Gripe #2: Bad Macros

The sharp-eyed among you will have wondered about the

CheckHresult call above. What the heck is that thing doing? It's turning HRESULTs into exceptions. (More on why that's a bad idea later.)

Unfortunately, it's a macro. Here's some code that I once wrote using this macro, from the aforementioned persistence code. I was adding the ability to save the state in a new format. Does there appear to be anything wrong with it? (

LoadOldFileFormat doesn't return an error, it throws exceptions. LoadNewFileFormat returns an HRESULT.)

if (fOldFileFormat)
LoadOldFileFormat(pStorage);
else if (NULL != pNewStream)
CheckHresult(LoadNewFileFormat(pNewStream), (IPersistStream*)this, IID_IPersistStream);
else

// This file is not in any of our formats.
Throw(E_FAIL);

Imagine my surprise to see that the compiler produces a syntax error when attempting to compile this code.

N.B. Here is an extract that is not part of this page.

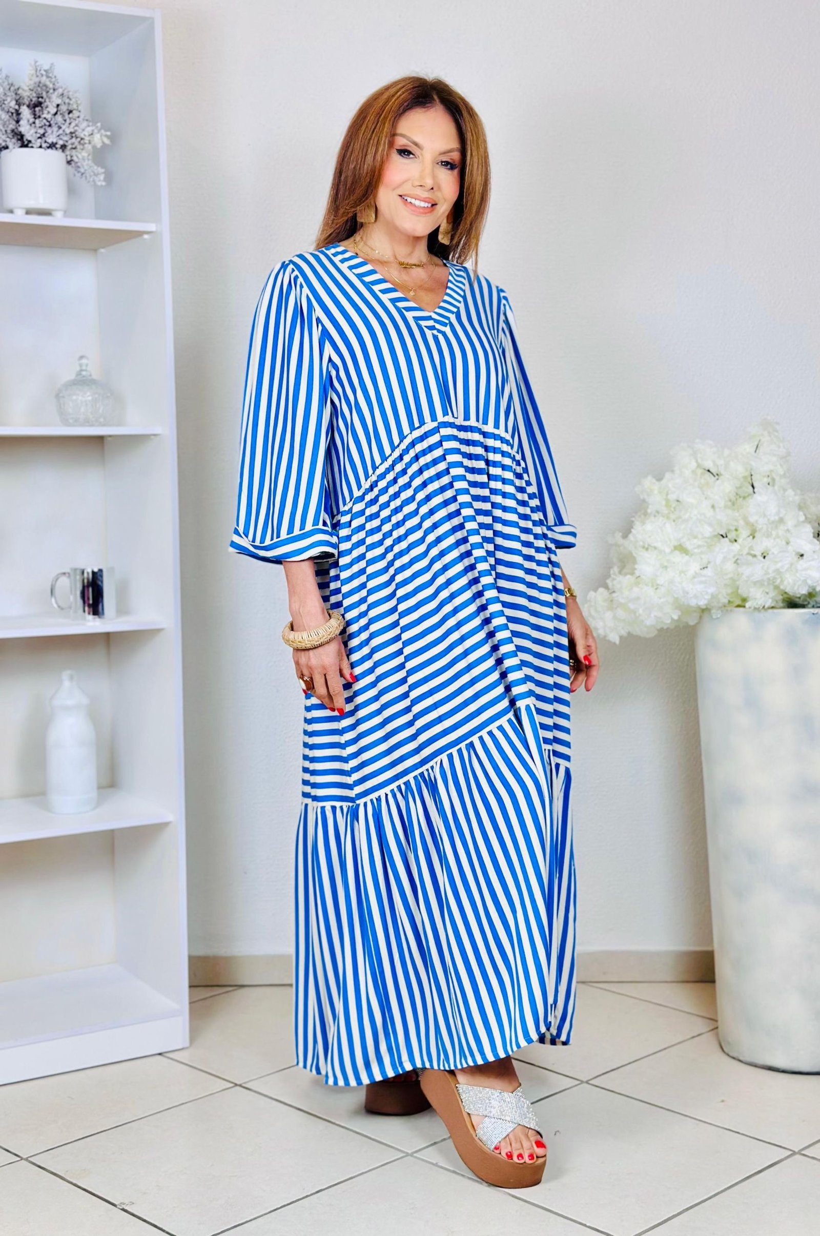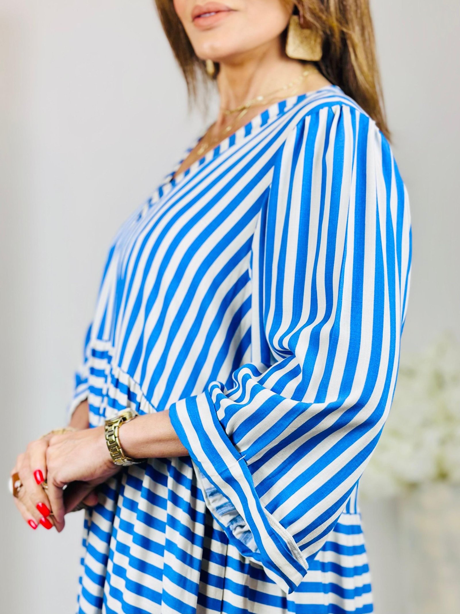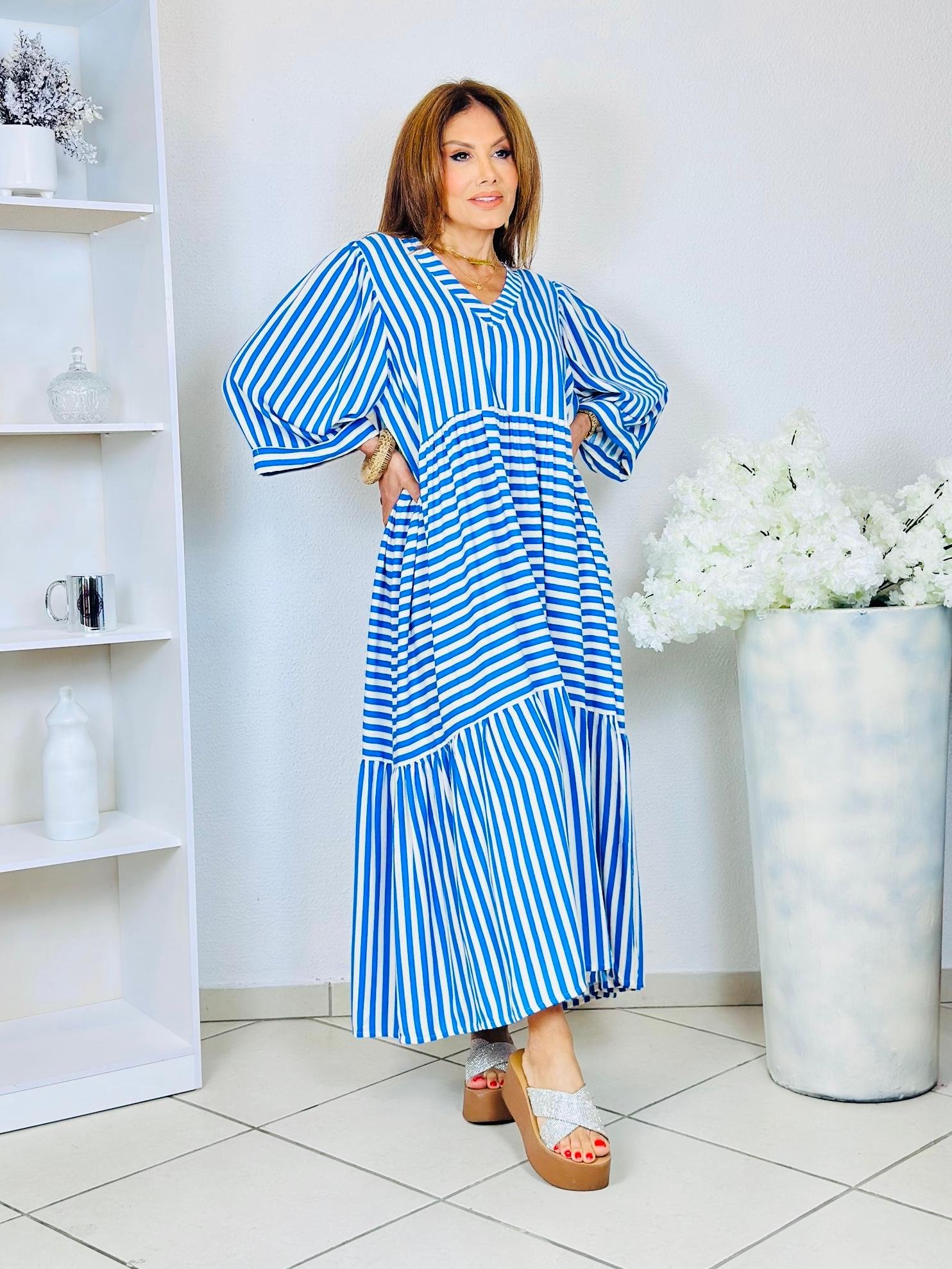 Estampa com fundo claro e listras azuis, trazendo o frescor do verão.

I didn't write that macro, so I had no idea what it did -- I was

cargo-cult programming! All the other code that returned error codes called this macro, so I figured I should do so as well. Bad developer! No biscuit!

I ran that through the C preprocessor, and take a look at what popped out: (I've added whitespace and removed some cruft for clarity.)

if (fOldFileFormat)
LoadOldFileFormat(pStorage);
else if (0 != pStream)
{
HRESULT _hr;
if ((_hr=LoadNewFileFormat(pXMLStream)) < 0)
Throw(_hr);
} ;
else
Throw(0x80004005L);

The trailing semi effectively terminates the if and the compiler then balks on the else.

Aaaaaargh! It's drivin' me nuts!

If you're going to have macros, don't write them so that they break C++'s lexical semantics in weird, hard-to-track-down ways. Obviously this wasn't intentional, which just makes my point even stronger -- it is very hard to write correct macros, so don't even try. Don't write macros that look like functions, write actual inline functions and let the compiler take care of optimizing them. Inline functions are guaranteed to not have weird lexical side effects that are not apparent from the text.

In this particular case, we have a macro which represents a statement block but can be used like a statement. The correct thing to do given the definition of this macro is to never terminate it with a semicolon, which looks weird -- no one will be able to remember to do the correct thing!